Così, senza l’effetto (placebo) di Agnese, ne ha per tutti. E comincia a circolare l’ipotesi che il Ducetto voglia tornare a battere sul tasto delle elezioni anticipate. Soprattutto dopo la presentazione del Def che disegna una finanziaria da 35 miliardi. Una super manovra che il suo Pd dovrà votare in Parlamento.
Così, dopo il 30/4 Matteuccio pensa di staccare gradualmente la spina a Gentiloni, proprio per non prendere sulle spalle l’onere della Legge di Bilancio. Lui che ha fatto tanto (a parole) per allontanare dal Pd l’immagine del “partito delle tasse” trova nelle tabelle del Def che le entrate tributarie aumenteranno nel 2018 di 20 miliardi. Non certo un buon viatico per il voto nella primavera del prossimo anno.
Così, meglio far saltare il banco prima. Tant’è che ha iniziato a dire ai suoi uomini nelle istituzioni pubbliche di prepararsi alle dimissioni in agosto, se hanno idea di candidarsi nelle liste Pd. E se si devono dimettere in piena estate è perché si va al voto a novembre; guarda caso, subito dopo l’approvazione della manovra almeno da un ramo del Parlamento.

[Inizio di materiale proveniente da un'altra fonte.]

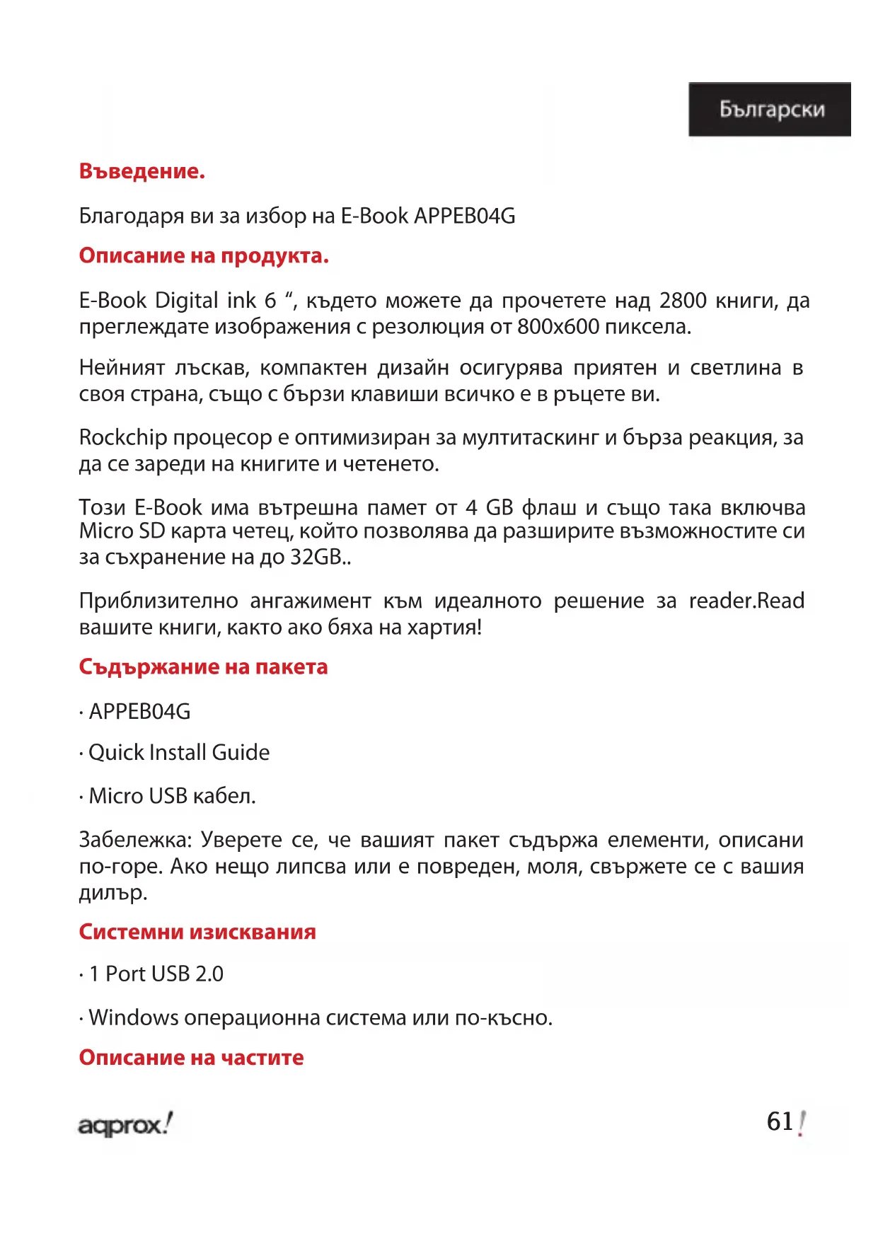 APPEB04G - електронен четец Approx - Безплатно ръководство за потребителя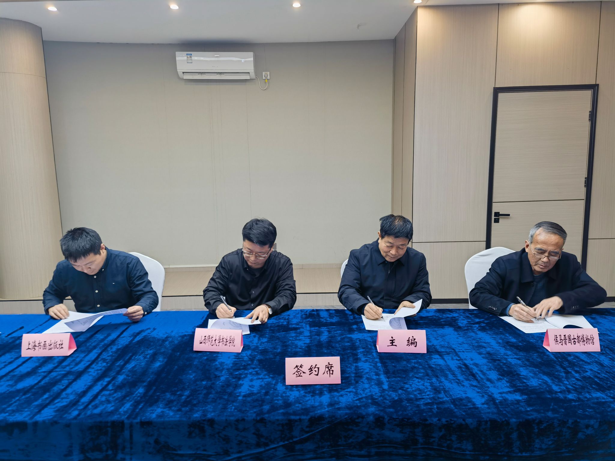 在座谈会举行前夕,12月8日下午,我院副院长(主持行政工作)曹亚彬与侯马盟书研究会名誉会长李朝旗、上海书画出版社副编审、《书法》杂志副主编杨勇、侯马晋国古都博物馆馆长高青山共同签订了《侯马盟书书法总集》出版合同。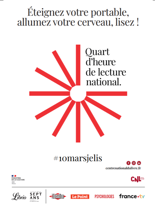 Mardi 10 mars, lisez et participez, vous aussi, au Quart d’heure de lecture national !

I rapporti del Cazzaro con Gentiloni sono buoni nella sostanza. Ma lo vorrebbe un po’ più docile, e soprattutto, un po’ più distaccato da Mattarella, a cui l’unisce come un cordone ombelicale Dario Franceschini. Renzi, poi, intravvede nelle scelte di Padoan sul def la “longa mano” del Quirinale.
E non sbaglia. Sembra che nei giorni scorsi il ministro sia stato ricevuto al Colle per trasferirgli un messaggio chiaro: devi tenere un comportamento più da tecnico che da uomo del Pd. Consiglio subito recepito da Piercarlo con il Documento di economia e finanza.
Ma non sono soltanto i conti pubblici e le mosse da fare per innescare le elezioni anticipate ad agitare l’ex premier. Sa benissimo che vincerà le Primarie. Il problema è con quali percentuali. Sulla scrivania gli sono arrivate le proiezioni riservate. Se ai gazebo si presentano meno di due milioni, dovrebbe conquistare il 58% dei consensi. Il problema è che se l’affluenza aumenta, i suoi consensi scendono.
Matteo ha bisogno di una vittoria chiara e forte per sdoganarsi dai ricatti di Franceschini. L’idea del Ducetto è avere un unico vice segretario, nella persona di Maurizio Martina (con un passato fassiniano). Dario, invece, spinge per avere anche lui un vice segretario d’area cattolica. E se la spunta o meno dipenderà dall’affluenza ai gazebo.